Everything in the listing below needs restating exactly, apart from the pictures.
* * * * *
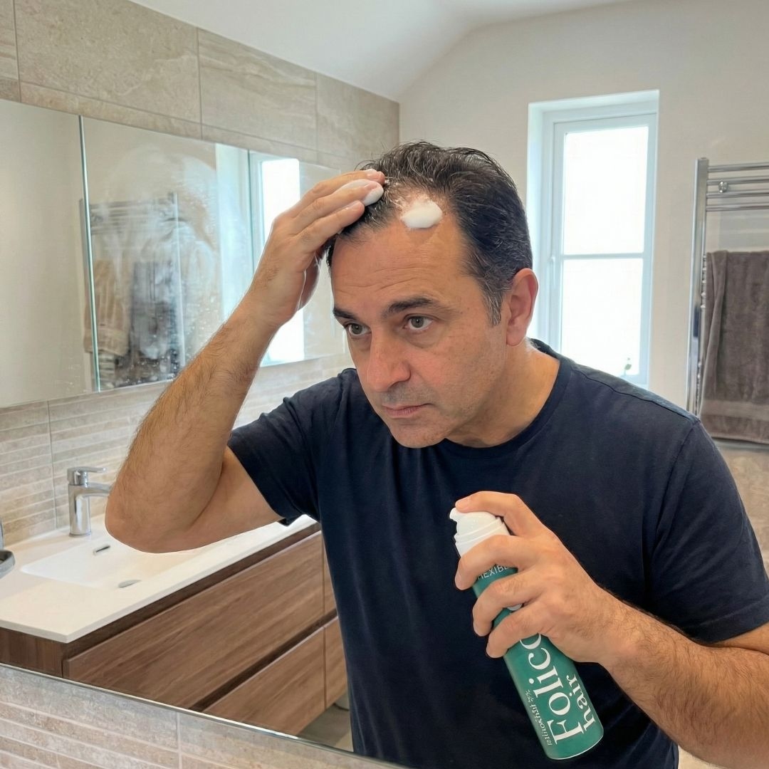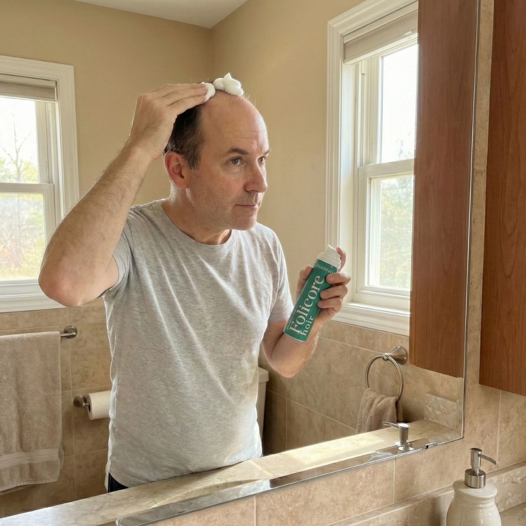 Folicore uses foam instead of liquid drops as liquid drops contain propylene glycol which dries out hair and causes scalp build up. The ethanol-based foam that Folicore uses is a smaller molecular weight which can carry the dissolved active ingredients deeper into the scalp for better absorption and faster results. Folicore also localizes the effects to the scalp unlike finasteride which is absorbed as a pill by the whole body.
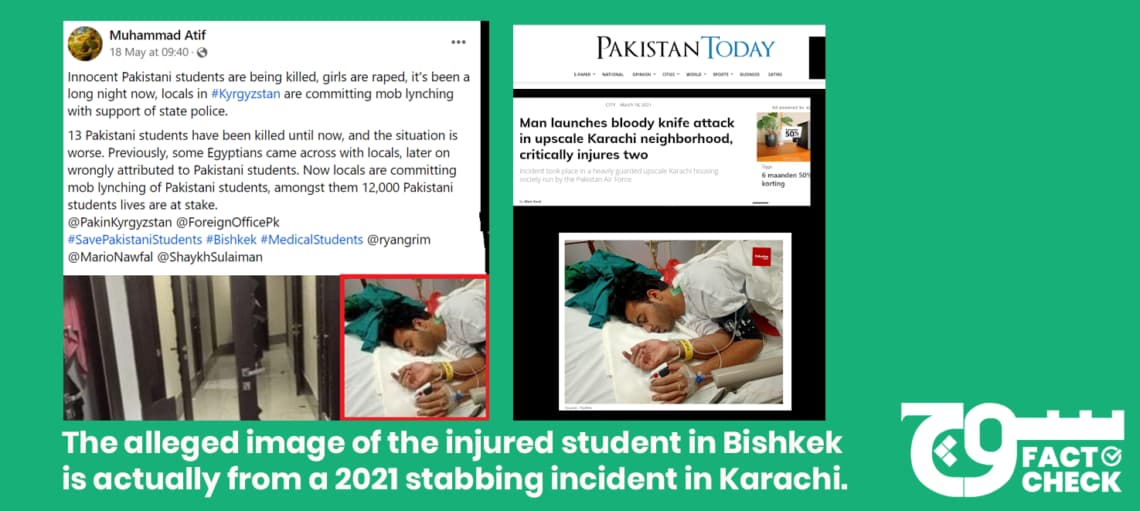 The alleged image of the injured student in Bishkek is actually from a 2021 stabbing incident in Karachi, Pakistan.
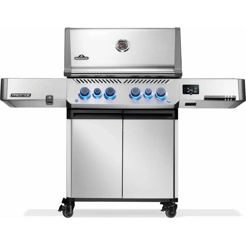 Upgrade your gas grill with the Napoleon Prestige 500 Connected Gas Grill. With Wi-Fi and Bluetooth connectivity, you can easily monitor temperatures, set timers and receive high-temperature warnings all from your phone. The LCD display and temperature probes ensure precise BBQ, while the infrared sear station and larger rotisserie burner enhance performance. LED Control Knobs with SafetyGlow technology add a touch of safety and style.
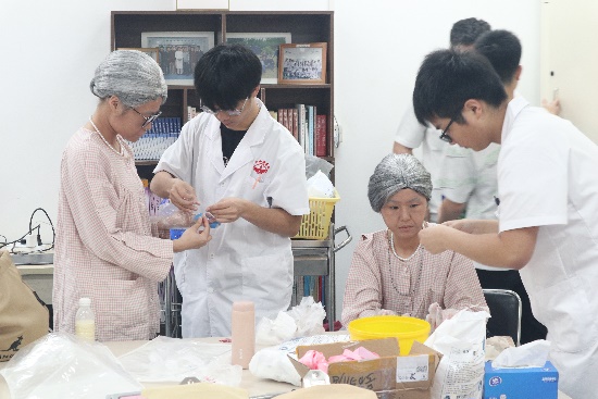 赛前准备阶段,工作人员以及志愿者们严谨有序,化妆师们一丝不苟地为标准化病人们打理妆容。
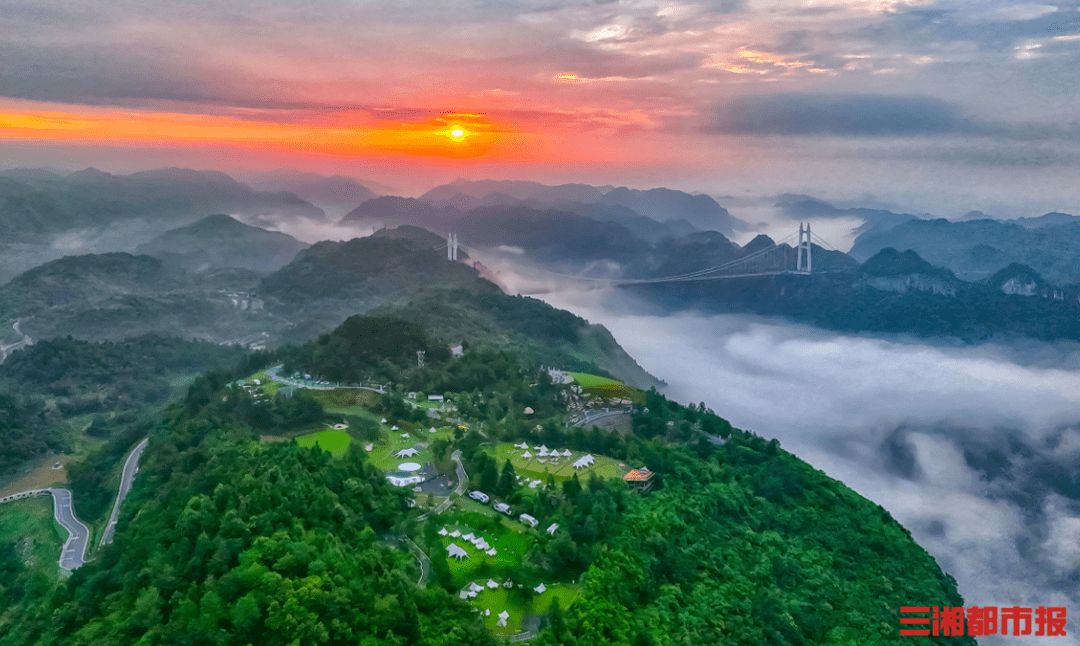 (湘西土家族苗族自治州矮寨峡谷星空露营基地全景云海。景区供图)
* * * * *
ANSWER FOR THIS EXERCISE:
 Folicore uses foam instead of liquid drops as liquid drops contain propylene glycol which dries out hair and causes scalp build up. The ethanol-based foam that Folicore uses is a smaller molecular weight which can carry the dissolved active ingredients deeper into the scalp for better absorption and faster results. Folicore also localizes the effects to the scalp unlike finasteride which is absorbed as a pill by the whole body.
 The alleged image of the injured student in Bishkek is actually from a 2021 stabbing incident in Karachi, Pakistan.
 Upgrade your gas grill with the Napoleon Prestige 500 Connected Gas Grill. With Wi-Fi and Bluetooth connectivity, you can easily monitor temperatures, set timers and receive high-temperature warnings all from your phone. The LCD display and temperature probes ensure precise BBQ, while the infrared sear station and larger rotisserie burner enhance performance. LED Control Knobs with SafetyGlow technology add a touch of safety and style.
 赛前准备阶段,工作人员以及志愿者们严谨有序,化妆师们一丝不苟地为标准化病人们打理妆容。
 (湘西土家族苗族自治州矮寨峡谷星空露营基地全景云海。景区供图)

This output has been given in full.